WHAT THE EXERCISE ASKS | Using the data below, reproduce exactly the lines from the line with "石英是制造掩模基板的优良材料" to the line with "This Polish Pottery", both included; pictures must be dropped.

Data extracted from a collection |

+++

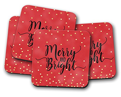 - Merry and Bright Red Coaster with Gold Confetti
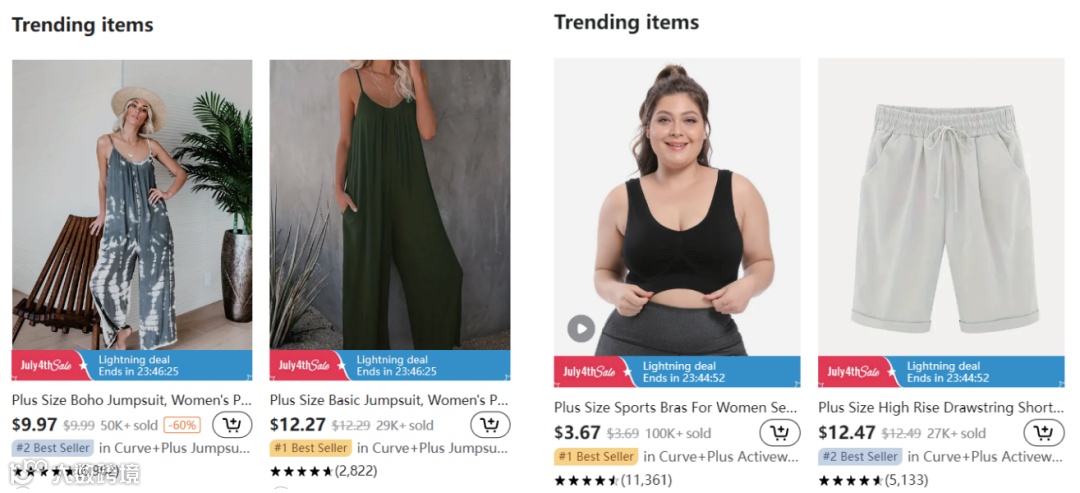 大码女装属于亚马逊美国站“服装、鞋靴与珠宝”类目。当前正值夏季,大码泳装、夏日裙装与上衣成为搜索热度较高的细分品类[k]。以“plus size women”为关键词,热销品类涵盖大码内衣(含内裤)、上衣、连衣裙与牛仔裤等。
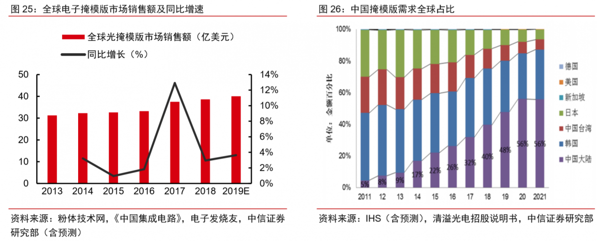石英是制造掩模基板的优良材料。全球掩模版行业增长与中国掩模版需求占比提高,带动石英需求增长。预计2019年全球电子掩模版市场销售额将突破40亿美元。根据IHS数据,中国掩模版需求全球占比从2011年的5%增长到2018年的40%,预计2021年将达到56%。
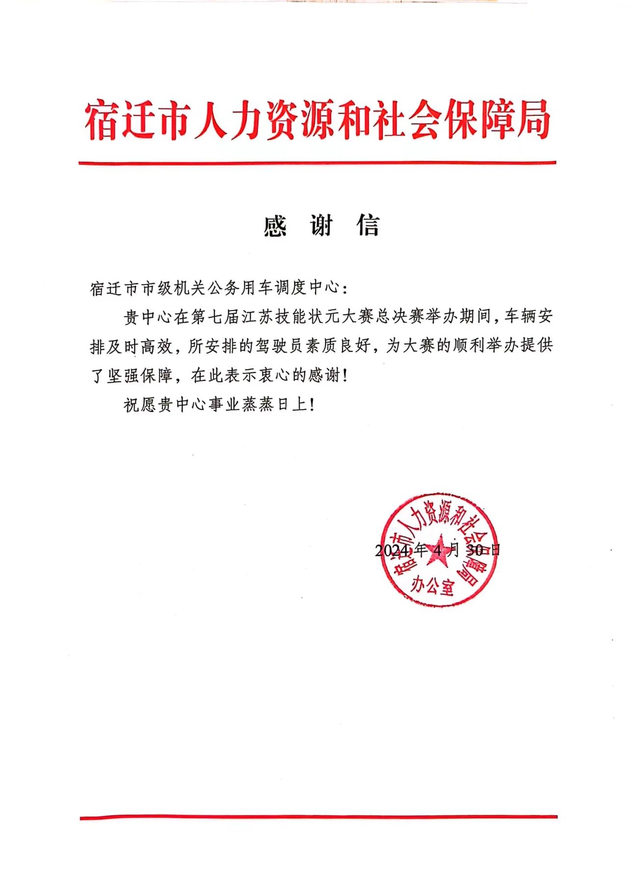 4月30日,宿遷市人力資源和社會(huì)保障局將一封感謝信送至恒通租賃(公車(chē)調(diào)度中心),對(duì)恒通租賃(公車(chē)調(diào)度中心)在本次活動(dòng)保障過(guò)程中安全、高效的服務(wù)品質(zhì)和專(zhuān)業(yè)、用心的工作態(tài)度表示感謝。
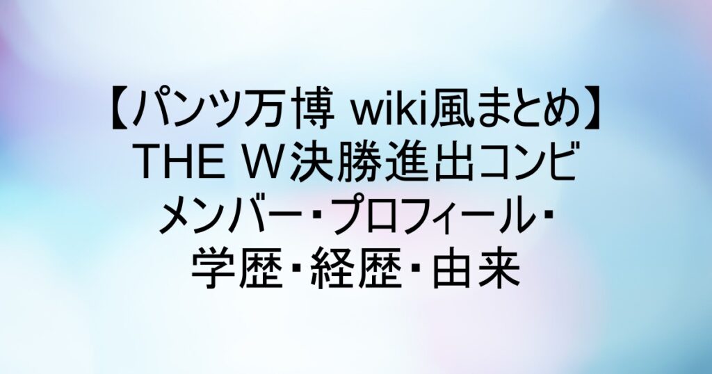 【パンツ万博 wiki風まとめ】THE W決勝進出コンビのメンバー・プロフィール・学歴・経歴・由来までぜんぶ乗せ!
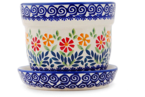 This Polish Pottery 5" Planter - Wave Of Flowers is handmade and handpainted by the Manufaktura factory in Boleslawiec, Poland.
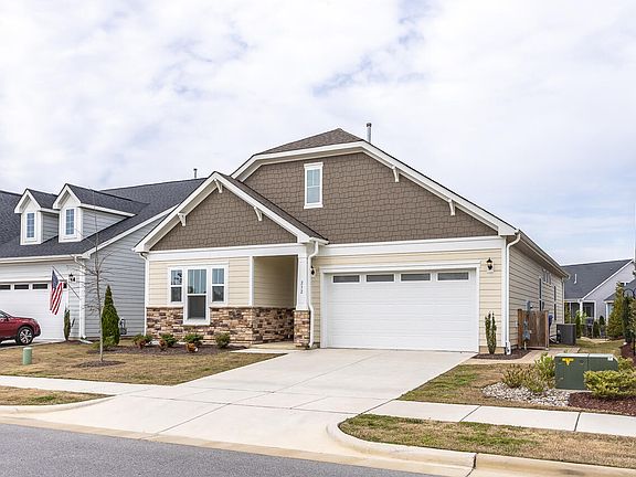 Beautiful two-bedroom RANCH with an additional versatile space perfect for an office or guest room. Enjoy barrier-free wood floors throughout, private primary retreat with tray ceiling and an abundance of storage and closet space. The secondary bath has a tiled shower with niches and quartz counters. You'll love the large great room with surround sound and natural gas fireplace. The kitchen includes sleek quartz counters, double ovens, and a butler pantry with sink and wine refrigerator. There is an oversized walk-in closet for plenty of climate-controlled storage. This lovely home has over $100,000 builder upgrades plus $20,000 in post-construction upgrades. Some of the many features include a Guardian coated floors in the garage and 3-season porch, CPI security system, extensive landscaping and preventative draining control, brick pavers in the backyard, 3-season back porch with fireplace and television hookups, dedicated concrete pad and fence to conceal trash cans, upgraded cement pad for HVAC equipment, medicine cabinets in bathrooms, exterior wired for cameras, and so much more! Easy maintenance - HOA maintains landscaping! Neighborhood amenities include a dog park, gathering place with wifi, fit park, gazebo, and fire pit. Fantastic Fuquay location off Judd Pkwy near shopping, restaurants, and moments from the library. Be sure to view the interactive virtual tour!
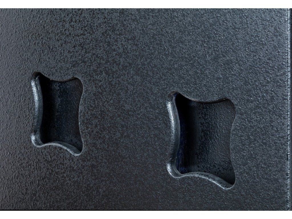 Robustní konstrukce z 18mm překližky s pevnou ocelovou mřížkou odolá i náročným podmínkám na cestách. Pro snadnou manipulaci je subwoofer vybaven čtyřmi zapuštěnými rukojeťmi a M20/36mm přírubou pro uchycení satelitních reproboxů. Možnost instalace volitelných koleček ještě více usnadní transport.
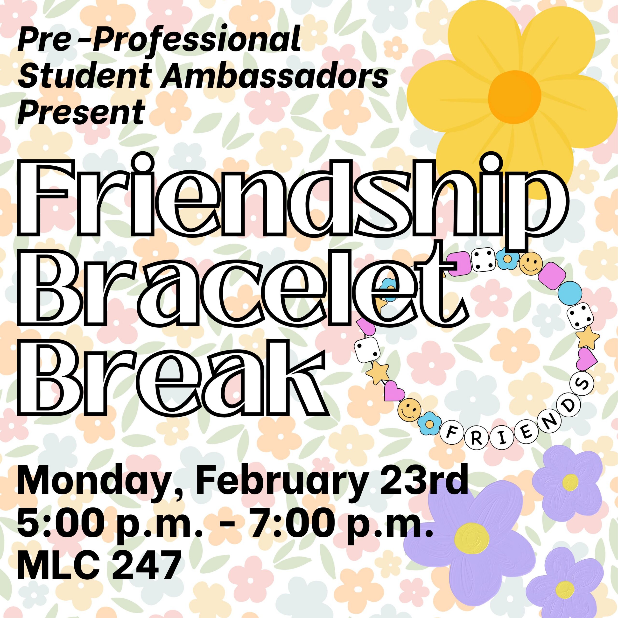 Are you pre-health or pre-law? Take a break to make a friendship bracelet with your pre-professional peers at the Friendship Bracelet Break Monday, February 23rd between 5:00 p.m. and 7:00 p.m. at MLC 247. Hosted by the Pre-Professional Student Ambassadors.

+++

YOUR SOLUTION |
石英是制造掩模基板的优良材料。全球掩模版行业增长与中国掩模版需求占比提高,带动石英需求增长。预计2019年全球电子掩模版市场销售额将突破40亿美元。根据IHS数据,中国掩模版需求全球占比从2011年的5%增长到2018年的40%,预计2021年将达到56%。
 4月30日,宿遷市人力資源和社會(huì)保障局將一封感謝信送至恒通租賃(公車(chē)調(diào)度中心),對(duì)恒通租賃(公車(chē)調(diào)度中心)在本次活動(dòng)保障過(guò)程中安全、高效的服務(wù)品質(zhì)和專(zhuān)業(yè)、用心的工作態(tài)度表示感謝。
 【パンツ万博 wiki風まとめ】THE W決勝進出コンビのメンバー・プロフィール・学歴・経歴・由来までぜんぶ乗せ!
 This Polish Pottery 5" Planter - Wave Of Flowers is handmade and handpainted by the Manufaktura factory in Boleslawiec, Poland.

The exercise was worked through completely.